§ Goal of the exercise
The copy must match the data word for word and contain no pictures.

Material provided START

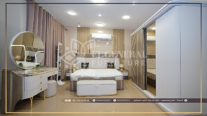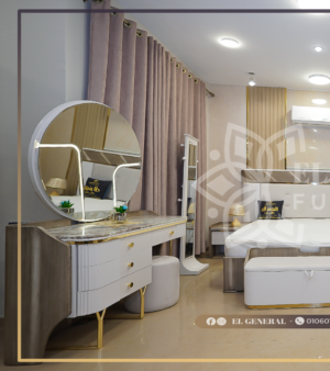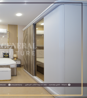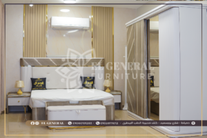 الوصف: غرفة نوم بتصميم راقي و جديد ميكس مابين اللون الخشبي و الأبيض مع تطعيمات الاستلس الساحرة ، غرفة عملية جداً لأن الدولاب بنظام جرار وبتقسيمة داخلية ممتازة مع الزجاج الفامية .
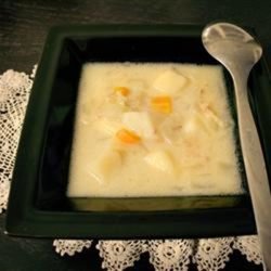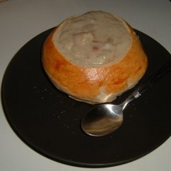 1In a large saucepan over medium high heat, saute the bacon for about 7 minutes, or until lightly browned. Reduce heat to medium, add the butter or margarine and onions and saute for about 5 minutes, or until onions are tender. Add the flour and stir well for one minute.
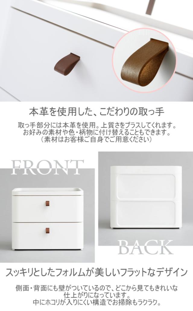 | 特徴 | 高級家具から着想を得た、ワンランク上のチェスト。 曲線的なデザインとマットな質感がお部屋をセンスアップしてくれます。 丸みのあるデザインなので小さいお子様のいるご家庭にもおすすめです。 リビングに、子供部屋に、洗面所に…様々な場所にマッチします。 気分に合わせて変えられるリバーシブル木天板。天板無しでもお使いいただけます。 背面と側面にフチがあるので後ろに物が落下する心配もありません。 貴重品を保管できる隠しトレーが1つ付属しています。(どの段にも取付できます。) 国内特許取得済みのオリジナル構造でたっぷり入れても引き出しの開閉がスムーズ。 取っ手部分には本革を使用。お好みの素材や柄物に付け替えることも可能です。 スッキリとしたフォルムが美しいフラットなデザイン。 中にホコリが入りにくい構造でお掃除もラクラク。 ■その他のチェストはこちら↓ その他のチェスト |
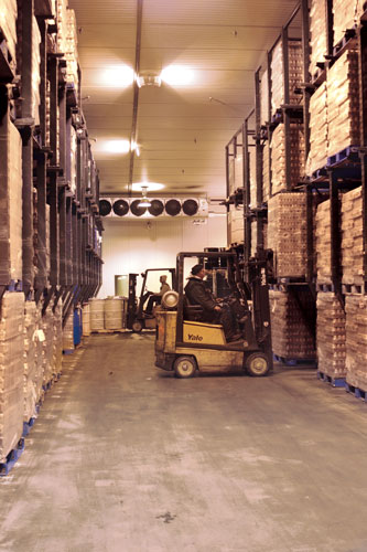 Figuur 1: Twee opslaghallen van ongeveer gelijke grootte en met eenzelfde vuurlast. In het ene geval vindt de opslag plaats bij omgevingstemperatuur (links: +20 oC), in het andere geval gaat het om een vriesveem (rechts: -20 oC).

Material provided END

§ Solution to this problem
 الوصف: غرفة نوم بتصميم راقي و جديد ميكس مابين اللون الخشبي و الأبيض مع تطعيمات الاستلس الساحرة ، غرفة عملية جداً لأن الدولاب بنظام جرار وبتقسيمة داخلية ممتازة مع الزجاج الفامية .
 1In a large saucepan over medium high heat, saute the bacon for about 7 minutes, or until lightly browned. Reduce heat to medium, add the butter or margarine and onions and saute for about 5 minutes, or until onions are tender. Add the flour and stir well for one minute.
 | 特徴 | 高級家具から着想を得た、ワンランク上のチェスト。 曲線的なデザインとマットな質感がお部屋をセンスアップしてくれます。 丸みのあるデザインなので小さいお子様のいるご家庭にもおすすめです。 リビングに、子供部屋に、洗面所に…様々な場所にマッチします。 気分に合わせて変えられるリバーシブル木天板。天板無しでもお使いいただけます。 背面と側面にフチがあるので後ろに物が落下する心配もありません。 貴重品を保管できる隠しトレーが1つ付属しています。(どの段にも取付できます。) 国内特許取得済みのオリジナル構造でたっぷり入れても引き出しの開閉がスムーズ。 取っ手部分には本革を使用。お好みの素材や柄物に付け替えることも可能です。 スッキリとしたフォルムが美しいフラットなデザイン。 中にホコリが入りにくい構造でお掃除もラクラク。 ■その他のチェストはこちら↓ その他のチェスト |
 Figuur 1: Twee opslaghallen van ongeveer gelijke grootte en met eenzelfde vuurlast. In het ene geval vindt de opslag plaats bij omgevingstemperatuur (links: +20 oC), in het andere geval gaat het om een vriesveem (rechts: -20 oC).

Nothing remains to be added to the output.